As reported by Josh Long, a blogger who covers the legal aspects of the natural supplement industry, 10 of the supplements found to contain BMPEA were all manufactured by the same Georgia company, Hi-Tech Pharmaceuticals. In a statement to Long, the president of the company maintained that the amphetamine is a naturally occurring alkaloid produced by the plant itself, and thus all products that list it as an active ingredient should contain it. This statement is refuted by the new study, which notes that BMPEA has never been found in extracts derived directly from the plant.

None of this is even remotely surprising to me. Manufacturers of dietary supplements need not get FDA approval before touting their wares. While the agency gestures in the direction of regulation by prohibiting “false or misleading statements” and demanding that products be safe for consumption, these edicts are very loosely enforced. If you purchase a container of gotu kola from your local holistic market, you’re buying almost entirely on faith.

Law enforcement personnel, however, are beginning to pursue action against manufacturers that sell products that do not contain the ingredients listed on the bottle. After finding this year that supplements sold in retail stores like Walgreens and GNC contained rice and wheat instead of ginseng and gingko biloba, two among many examples of fraudulent labeling, the attorney general of New York demanded these products be pulled from the shelves. He was recently joined by 13 other attorneys general in asking Congress to investigate the FDA’s role in policing the supplement industry and expand its regulatory authority.

But even if the pills inside your medicine cabinet really contain St. John’s wort, it’s important to remember that there are no reliable standards for determining the effectiveness of any given supplement. As anyone who has ever tended an herb garden can tell you, plants grow with varying degree of robustness depending on a whole host of factors. While still technically basil, the defenseless shoots I regularly murder with my tar-black thumb look nothing like the fragrant leaves wedged between mozzarella and tomato slices at your local Italian eatery.

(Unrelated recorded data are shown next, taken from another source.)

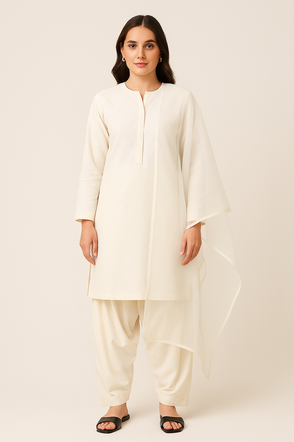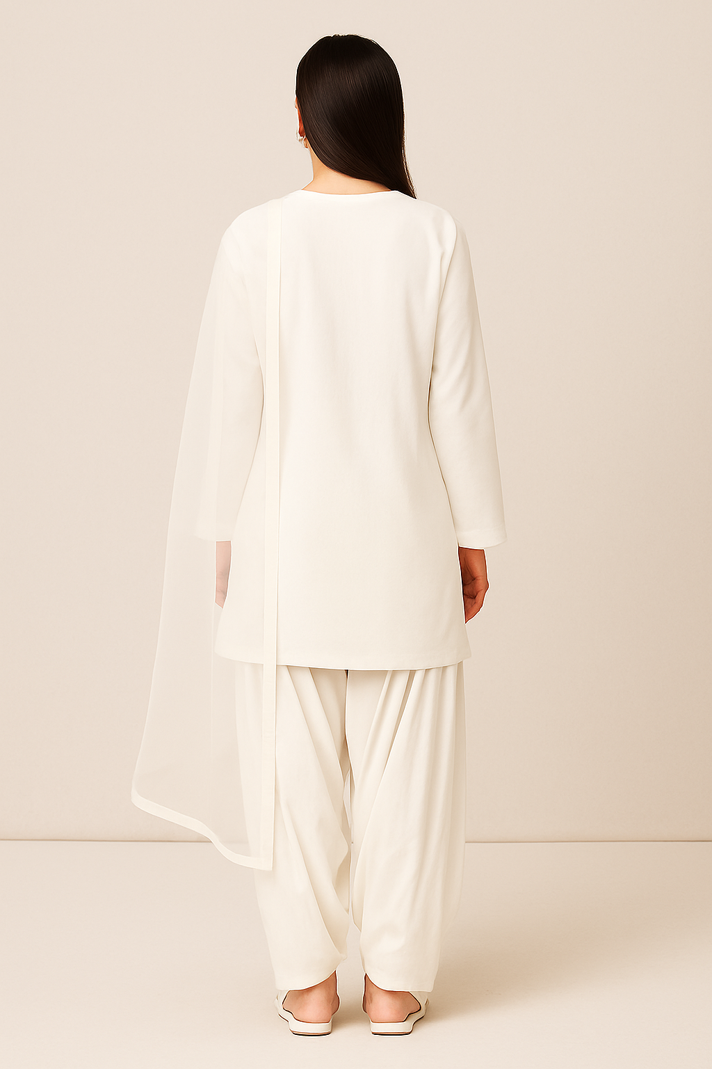 Plain fabric Front Panel, Plain fabric Back Panel, v neck style neckline, Full Sleeves, trousers are patiala style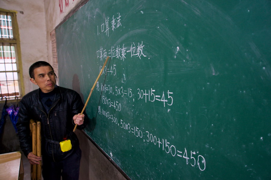 江西省贵溪县盛源村小学58岁的教师黄先文,小时候因患小儿麻痹症,双腿重度残疾。1976年,他成为这里的小学教师,为了能更好地给学生上课,第一天上课便将自己的家搬到教师宿舍。以校为家,至今已有39年。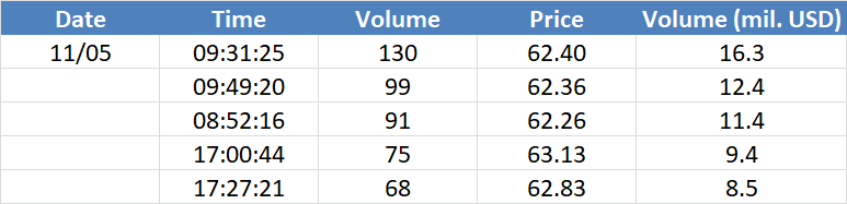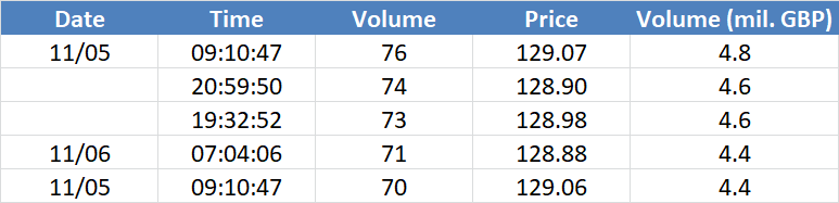A legnagyobb volumenű tranzakciók az OIL (Brent) instrumentumon: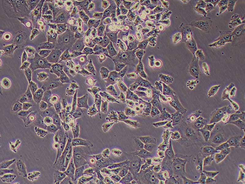 大部分贴壁细胞培养时都会有一些圆形透亮的细胞存在,也会有一些圆形细胞脱落悬浮的情况存在,这种主要是一些新增殖的细胞或由于局部空间不足被挤出的细胞,只要细胞持续增殖,都会有一些圆形细胞或脱落漂浮细胞,不影响细胞整体增殖和实验,保持正常换液、传代周期即可。细胞具体情况也可以参考细胞库不同细胞照片比对,大部分贴壁细胞都会有圆形细胞、脱落细胞、细胞内颗粒等情况。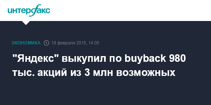 Москва. 18 февраля. INTERFAX.RU - "Яндекс" выкупил 980 тыс. акций класса "А" в рамках программы buyback с лимитом в 3 млн бумаг, говорится в сообщении компании.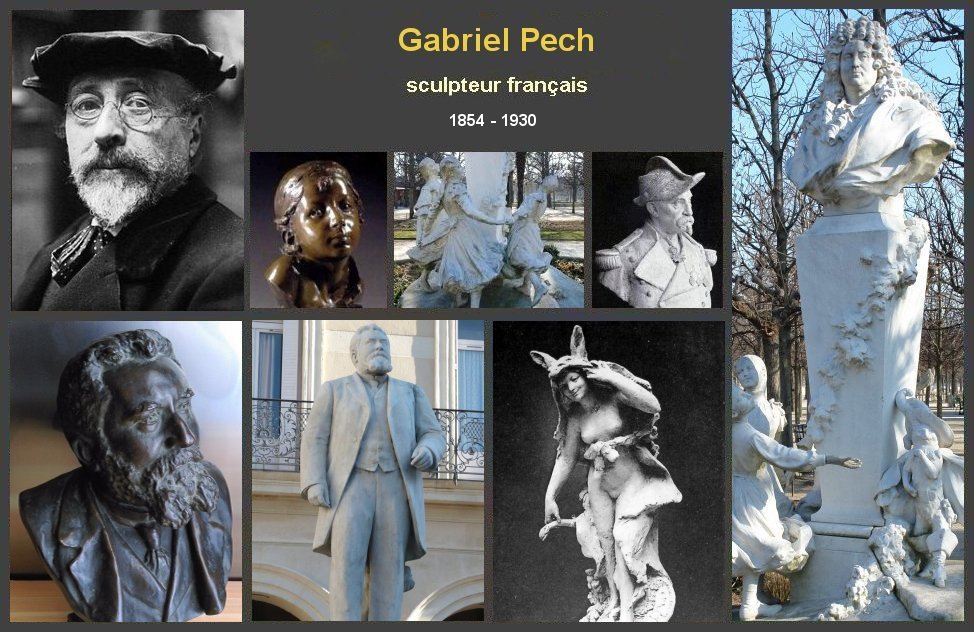 Brève biographie Gabriel Édouard Baptiste Pech, sculpteur français, est né le 21 mai 1854 à Albi (Tarn) Fils d'un imprimeur issu d'une famille de lithographes, il apprend la sculpture à l'école des Beaux-Arts de Toulouse Gabriel Pech est l'élève à l'École des beaux-arts de Paris dans les ateliers de François Jouffroy, Alexandre Falguière et Antonin Mercié Il réalise de nombreux portraits de contemporains, hommes politiques, militaires, etc... Une grande amitié le lie à Jean Jaurès dont il devient l'un des "sculpteurs attitrés". Gabriel Pech est décédé en 1930 à Saint-Loup-Cammas (Haute Garonne)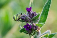 Deze Gewone Ossentong is niet zomaar een bloemetje. Als je goed kijkt, zie je dat het tevens een plaats is, die uitnodigt tot paringsdrift, zoals de twee kevers aan de linkerkant van de bloem laten zien. Helaas kan ik de kevers geen naam geven, omdat ze met de rug naar me toe zitten.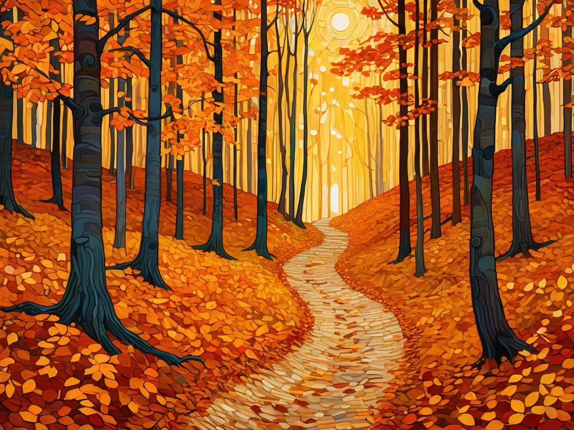 Prompt: FIRST AUTUMN lights in the wood where leaves are dancing, style klimt and van Gogh, zentangle. A serene path winds through a vibrant autumn forest. Trees with fiery orange leaves frame the trail, while golden light filters through, creating a warm, magical atmosphere.

Two different herbal supplements with the same listed components may be no more alike in potency or efficacy than Riesling and Merlot are in flavor, despite both having fermented extract of grape as their active ingredient.

By way of contrast, prescription drugs must go through a lengthy and laborious process to prove that they are safe and effective for the treatment of any given disease. If the bottle says that the tablets inside contain so many milligrams of such-and-such drug, then consumers can be confident they’re actually getting a real medication. They’re far from perfect, and I only dole them out when I think they’ll confer a benefit greater than their risk. But at least I know my patients won’t be swallowing a capsule full of sawdust.